RUSH: Scarborough show this morning on PMSNBC and Scarborough said, ‘Americans are tired of Afghanistan and Iraq and all these wars, especially the president’s base. They want our troops home.’
AXELROD: It’s the first obligation of the president to keep the American people safe. He’s going to make the decisions that he thinks offer us the best opportunity in this regard. I guarantee you that he’s not sitting there — as much as I know you guys love your polls — he’s not sitting there reading the NBC poll this morning and thinking, man, I need to address my strategy.
OBAMA: He’s a jackass.
RUSH: David Axelrod there saying that Obama doesn’t listen to polls, doesn’t read polls, doesn’t care what NBC says, and the first obligation of the president is to keep the American people safe. No, the first obligation of this president is to make sure our enemies are not offended. Now, yesterday — and I got a lot of grief on this, caught a lot of grief in the e-mail. Yesterday, I kind of lost it toward the end of the program, all the sound bites and Afghanistan was a big subject yesterday and, you know, the general says we need 40,000 more troops or we’re gonna lose and Obama says, well, let me think about it, and the Washington Post says, well, maybe he’s forgotten his policy that he instituted in March. Maybe he’s forgotten it? Then they were all worried about the leak, how did this even get leaked, who did it? Did Obama leak it to back himself into a corner? It was absurd. And then Hillary weighed in, general doesn’t know what he’s talking about, a nice guy, doesn’t know what he’s talking about.
My mother was a natural comedian. So I get all this grief from people, so we went back to the archives and here’s the audio sound bite. June 15th, 1994, from my television show, this clip of Hillary Clinton telling the story, going into her local recruitment office in 1975, she was telling the story to the League of Women Voters, and the laughter that you will hear is from my studio audience.
HILLARY: I think it was just my bad luck that the person who happened to be there on duty could not have been older than 21, was in perfect physical shape, so I sat down and I said, ‘You know, I wanted to explore,’ I didn’t know whether I thought active duty would be a good idea, reserve, you know, maybe National Guard, something along those lines, I was already a lawyer, I thought there were some roles I could perform. I was going on and on, you know, trying to justify my existence and this young man looked at me and he said, ‘How old are you?’ I said, ‘Well, 27.’ He looked at me, and in those days that was before I learned how to wear contact lenses, I had these really thick glasses on.

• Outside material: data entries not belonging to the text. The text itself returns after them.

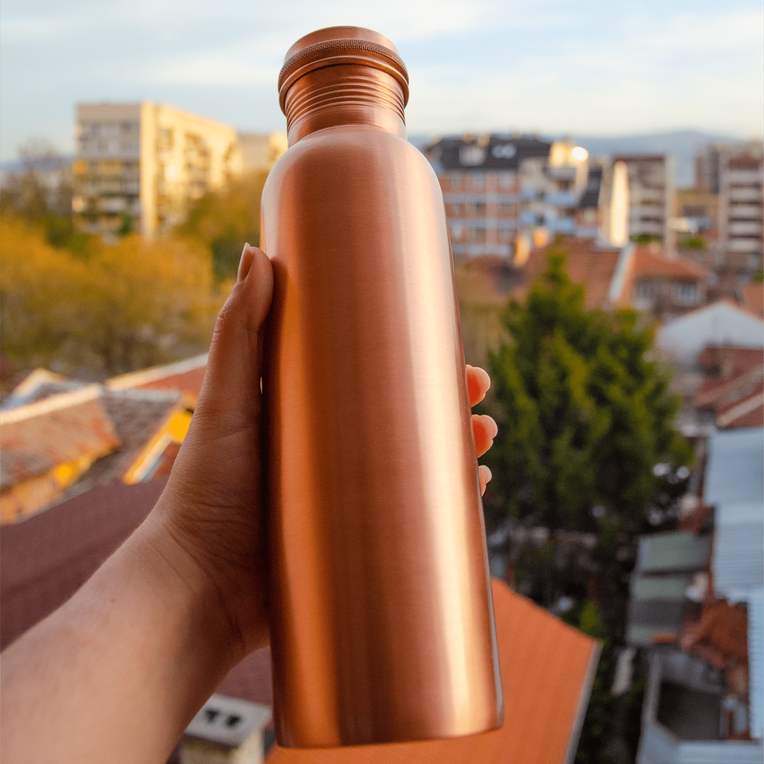 Тази бутилка от чиста мед е елегантна и привличаща вниманието със своя семпъл, но елегантен дизайн. Тя е лека и компактна, което Ви улеснява да носите вода навсякъде. Вземете я на пътувания, разходки в парка, планински преходи, на работа или просто я използвайте у дома. Тази бутилка не само е чудесен съхранител на здравословна вода, но също така и страхотна завръзка на разговори!
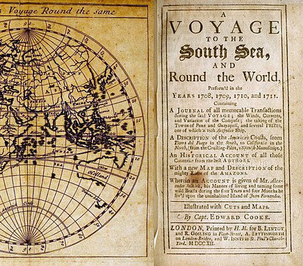 Frontispiece of “A voyage to the South Sea and Round the World”, which includes a firsthand account of castaway Alexander Selkirk’s adventure, written by Edward Cooke, published in 1712.
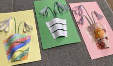 "A télkergető hóvirág" mese kapcsán kis képeslapokat készítettünk.
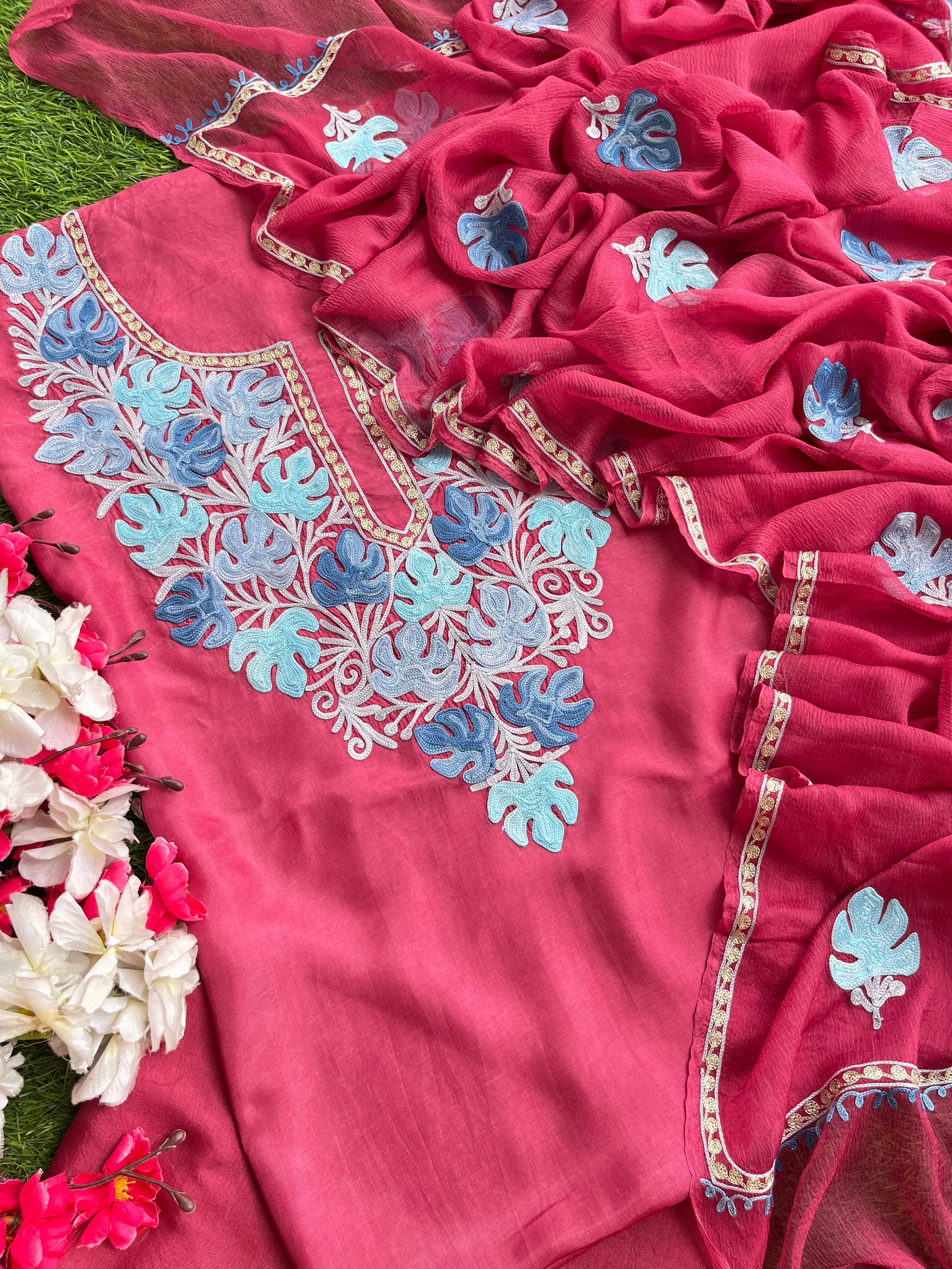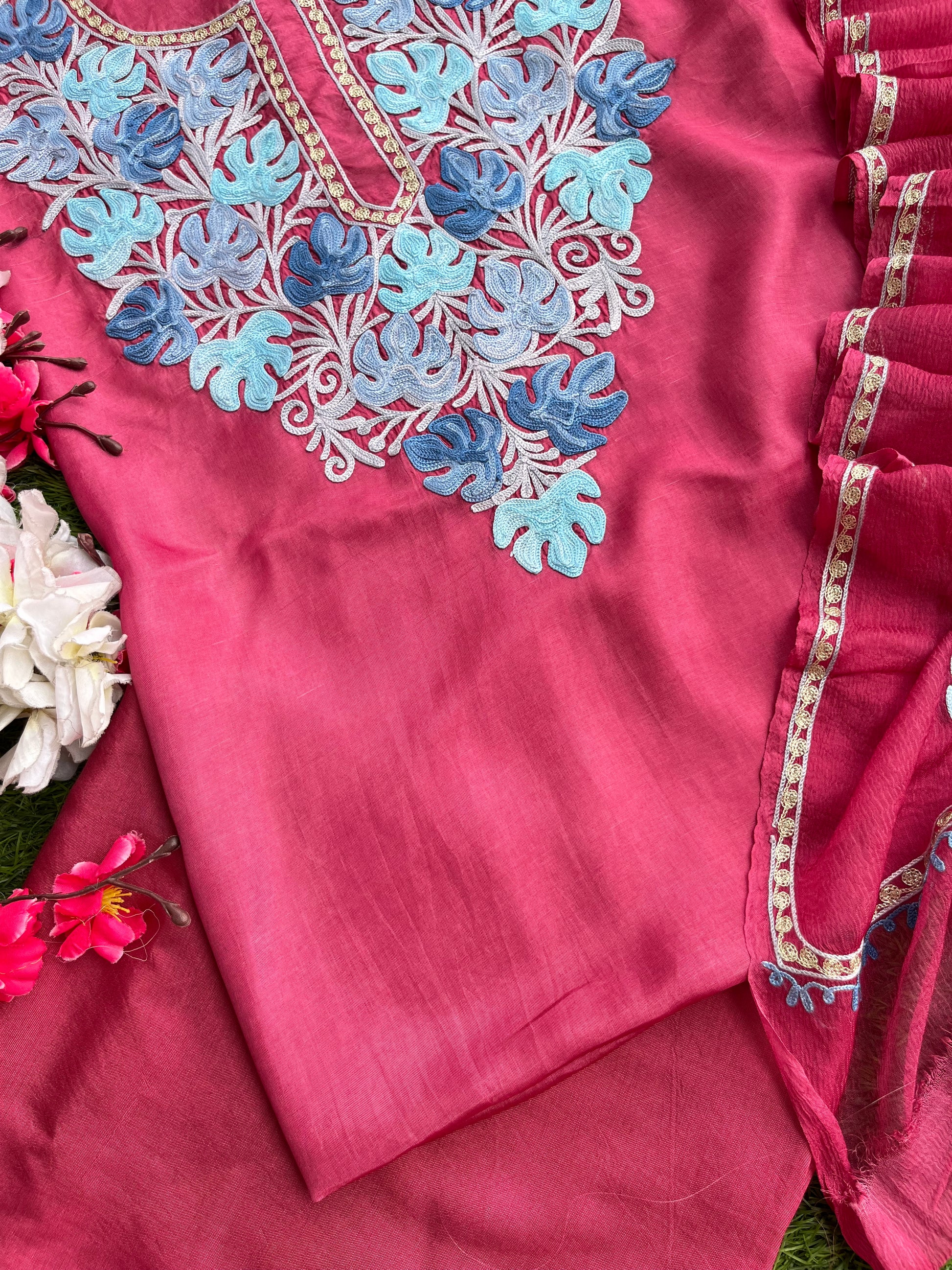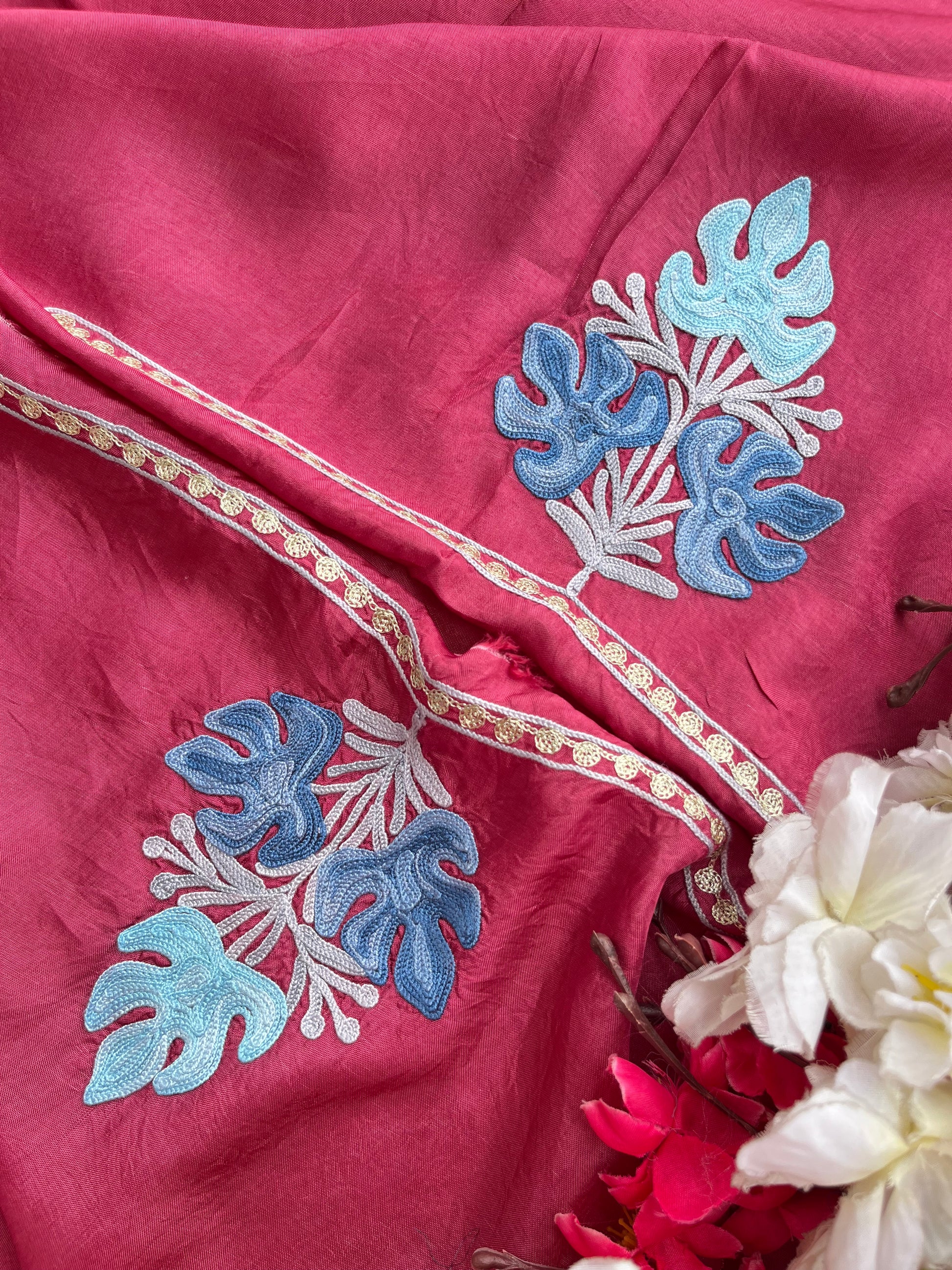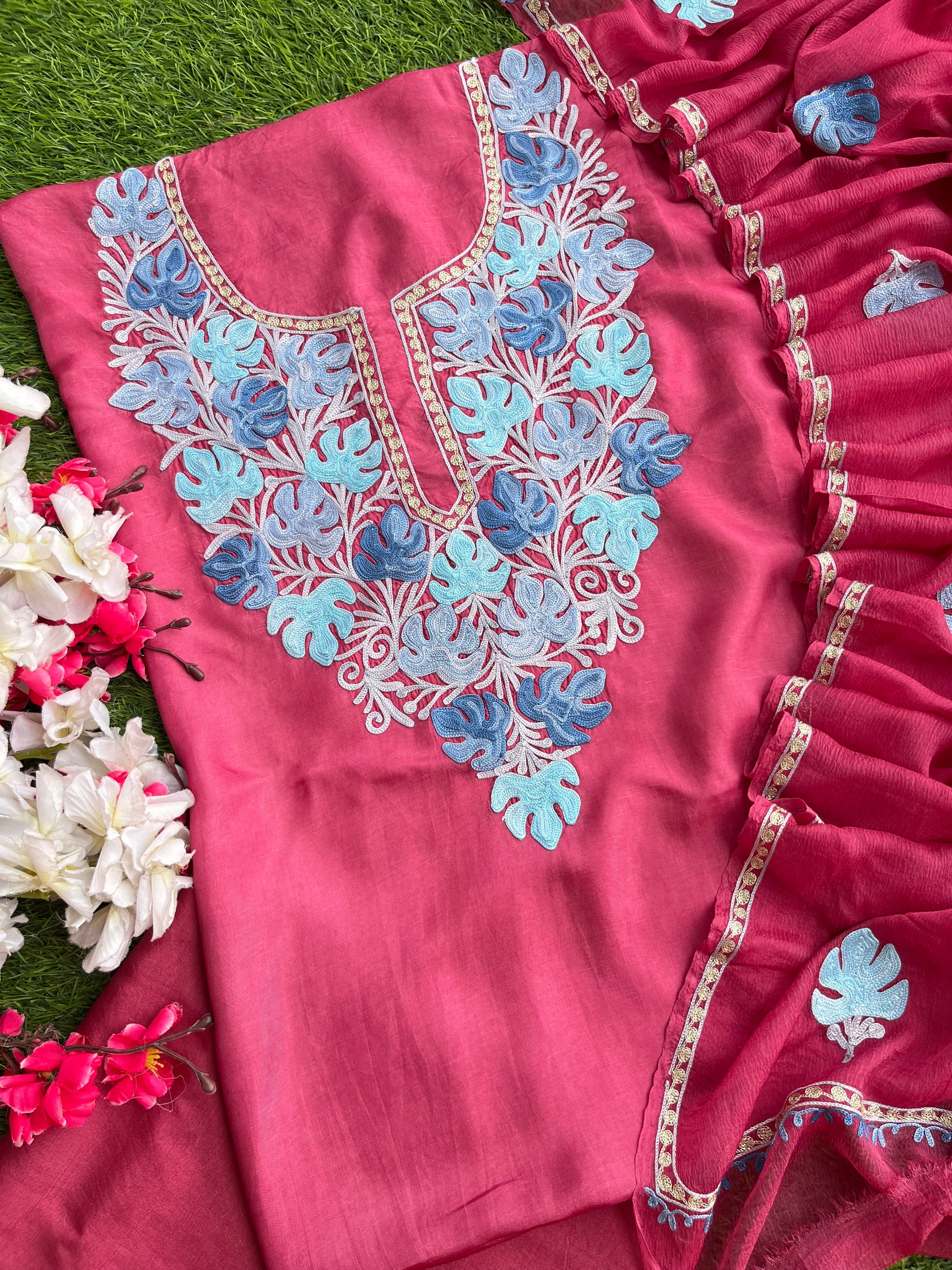 “Elegance meets tradition in this exquisite Kashmiri silk suit. Adorned with intricate embroidery, it exudes grace. Paired with a stunning heavy-embroidered dupatta, it’s a timeless ensemble of sophistication.”

RUSH: Yeah, so it was ageism, the Marines didn’t let her in because she was too old and she had bad eyes, bad vision, Coke-bottle glasses, you don’t qualify. This, as I recall, was Mrs. Clinton attempting to establish her credentials as a military person. It’s kind of like she said that she was named after Sir Edmund Hillary who climbed Mt. Everest. The only problem with that, that nobody had ever heard of him when she was born. He hadn’t yet climbed the mountain. She just totally made it up. So I’m telling you, the real reason that she didn’t get in the Marines was not the Coke-bottle glasses. They just didn’t have uniforms that fit. It’s that simple.
BREAK TRANSCRIPT
RUSH: Let’s not forget, by the way, Mrs. Clinton, the Marine business, she doesn’t look that good in those Mao style pantsuits that she wears now, either. I mean it is what it is. You are who you are, Bill Parcells. You can say you have a lot of moral victories and your record is 4-12 but you’re still 4-12 at the end of the season. You don’t look good in Mao style pantsuits, you don’t look good in Mao style pantsuits. I remember Maureen Dowd wrote a piece saying Hillary was lying about that. I don’t know. The disingenuousness of these people is just on parade daily.